Work instruction
Images are to be dropped, and the rest of the data reproduced exactly.

Dataset excerpt
▶
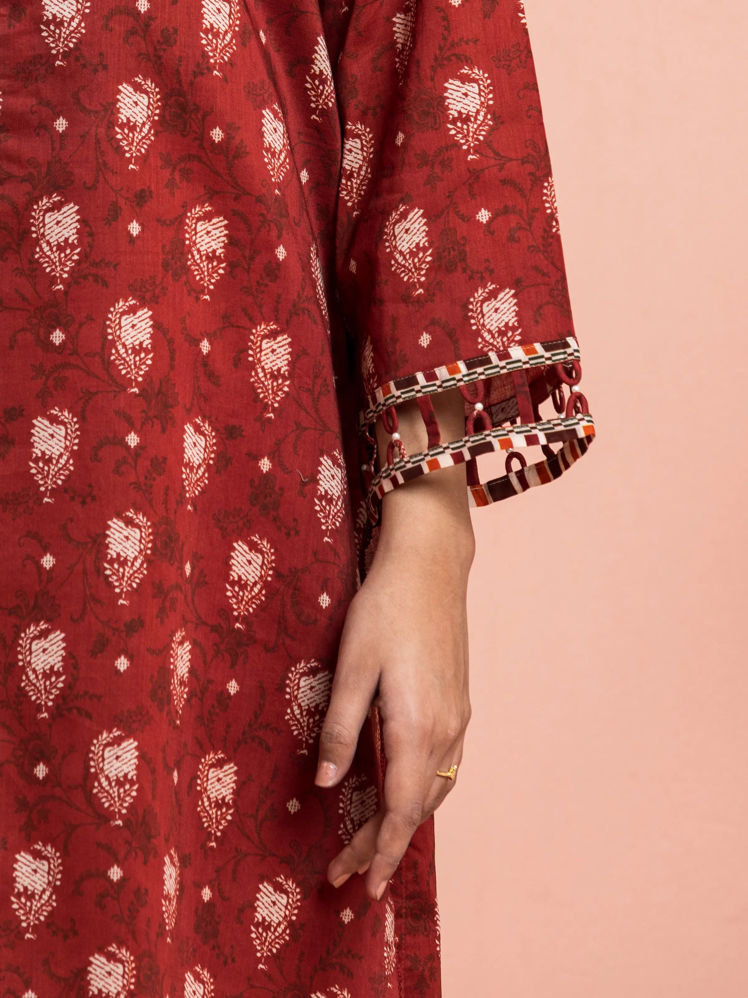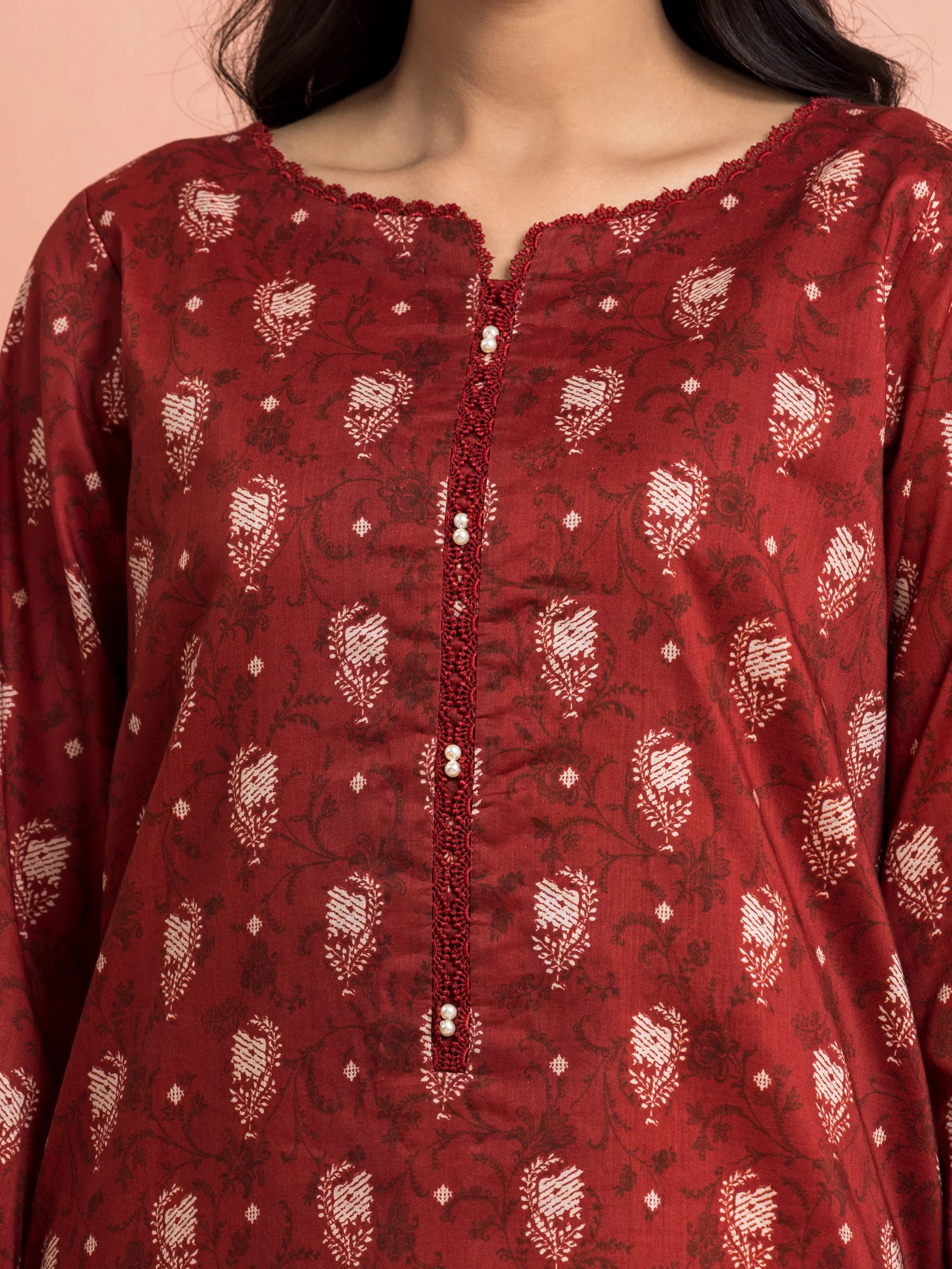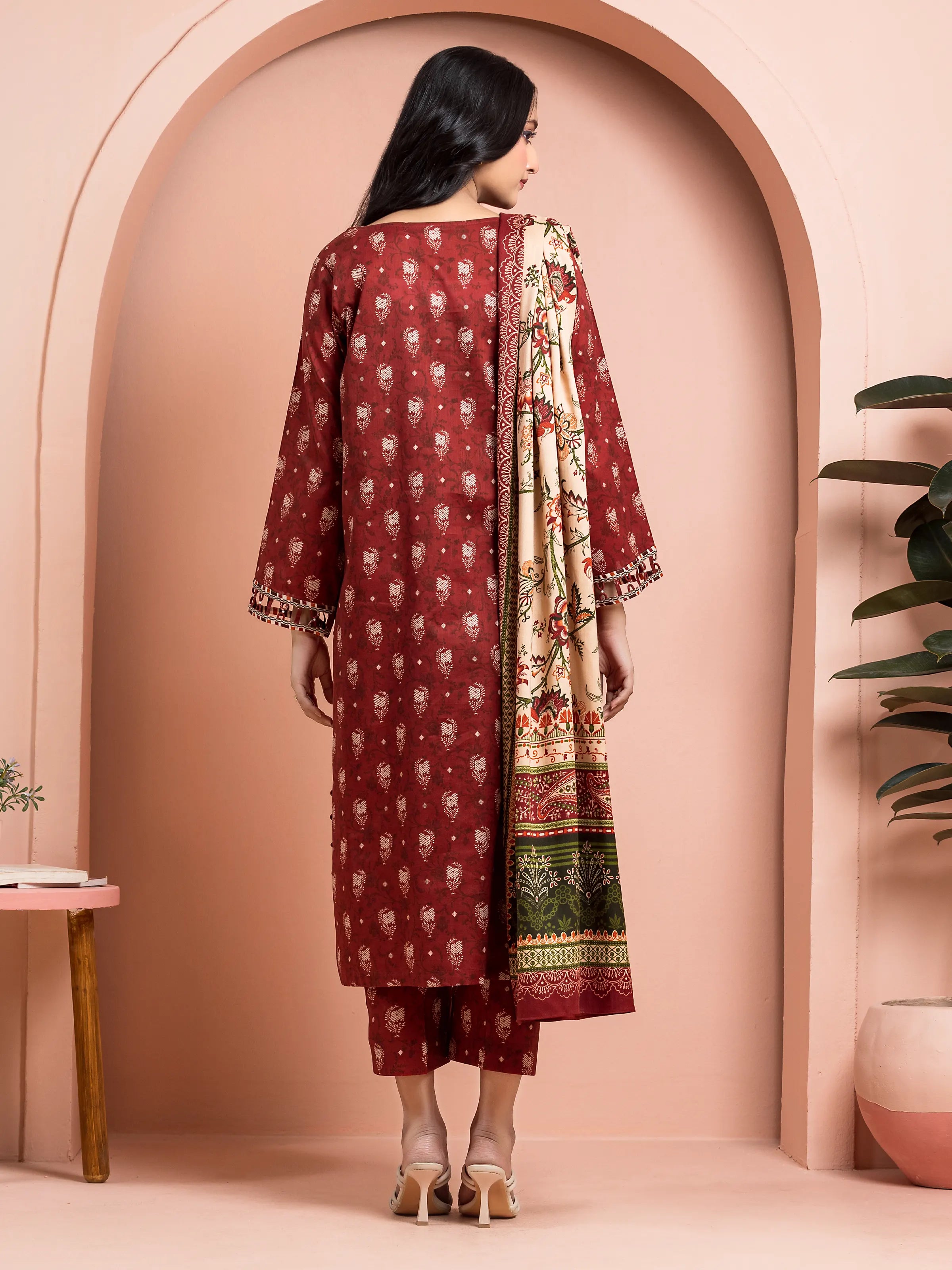 EDENROBE-M3-074-Unstitched Dark Maroon Printed Khaddar 3 Piece
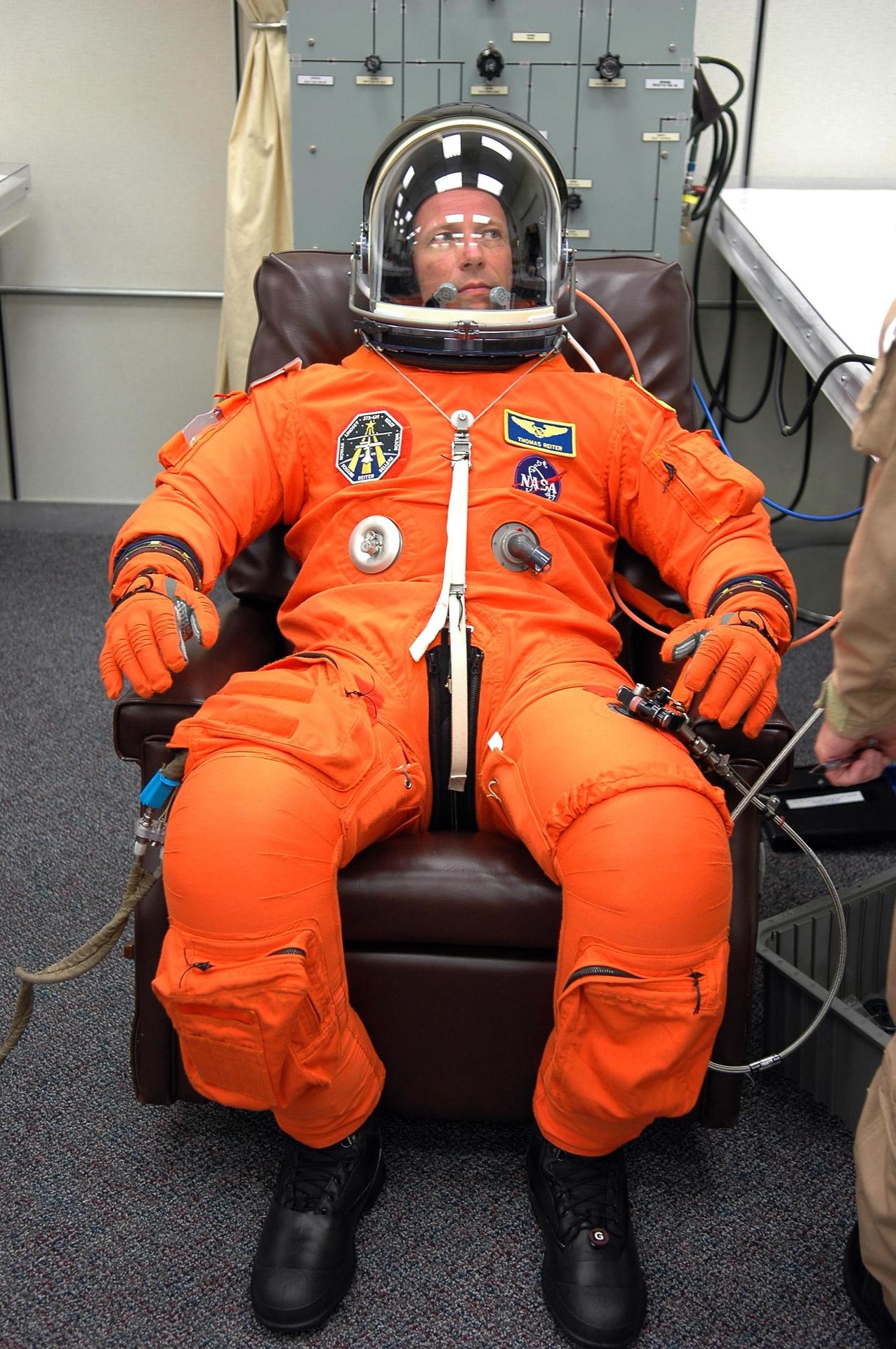 KENNEDY SPACE CENTER, FLA. - The STS-121 crew are donning their orange launch and entry suits for launch today on Space Shuttle Discovery. Here, Mission Specialist Thomas Reiter, who represents the European Space Agency, is ready to go. Reiter is making his first space shuttle flight. The launch is the 115th shuttle flight and the 18th U.S. flight to the International Space Station. During the 12-day mission, the STS-121 crew will test new equipment and procedures to improve shuttle safety, as well as deliver supplies and make repairs to the International Space Station. Photo credit: NASA/Kim Shiflett
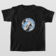 This fun volleyball team colours t-shirt for girls with custom team and school mascot name features the realistic stylised image of a light blue, black and white volleyball that has an artsy floral kaleidoscopic pattern blended with its blue and black panels - her name and team name are customisable, as is her jersey number - by katz_d_zynes
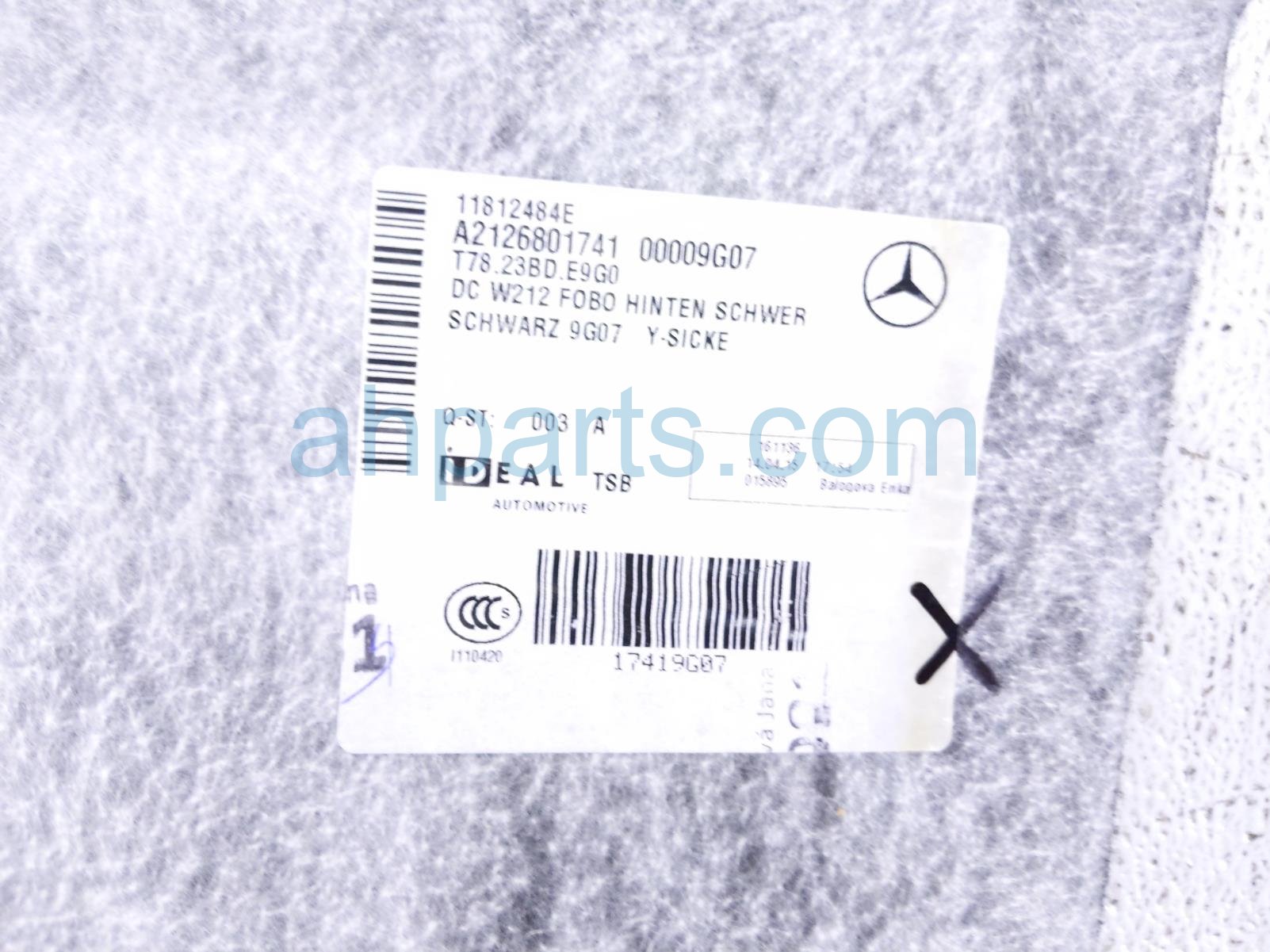 2016 Mercedes E350 ground rear floor carpet - black is a used item with a 1 year warranty. This OEM replacement ground rear floor carpet - black is genuine and has part numbers 212-680-17-41-9G07, and 21268017419G07. This Mercedes part sells for $195.
◀
Solved problem
 EDENROBE-M3-074-Unstitched Dark Maroon Printed Khaddar 3 Piece
 KENNEDY SPACE CENTER, FLA. - The STS-121 crew are donning their orange launch and entry suits for launch today on Space Shuttle Discovery. Here, Mission Specialist Thomas Reiter, who represents the European Space Agency, is ready to go. Reiter is making his first space shuttle flight. The launch is the 115th shuttle flight and the 18th U.S. flight to the International Space Station. During the 12-day mission, the STS-121 crew will test new equipment and procedures to improve shuttle safety, as well as deliver supplies and make repairs to the International Space Station. Photo credit: NASA/Kim Shiflett
 This fun volleyball team colours t-shirt for girls with custom team and school mascot name features the realistic stylised image of a light blue, black and white volleyball that has an artsy floral kaleidoscopic pattern blended with its blue and black panels - her name and team name are customisable, as is her jersey number - by katz_d_zynes
 2016 Mercedes E350 ground rear floor carpet - black is a used item with a 1 year warranty. This OEM replacement ground rear floor carpet - black is genuine and has part numbers 212-680-17-41-9G07, and 21268017419G07. This Mercedes part sells for $195.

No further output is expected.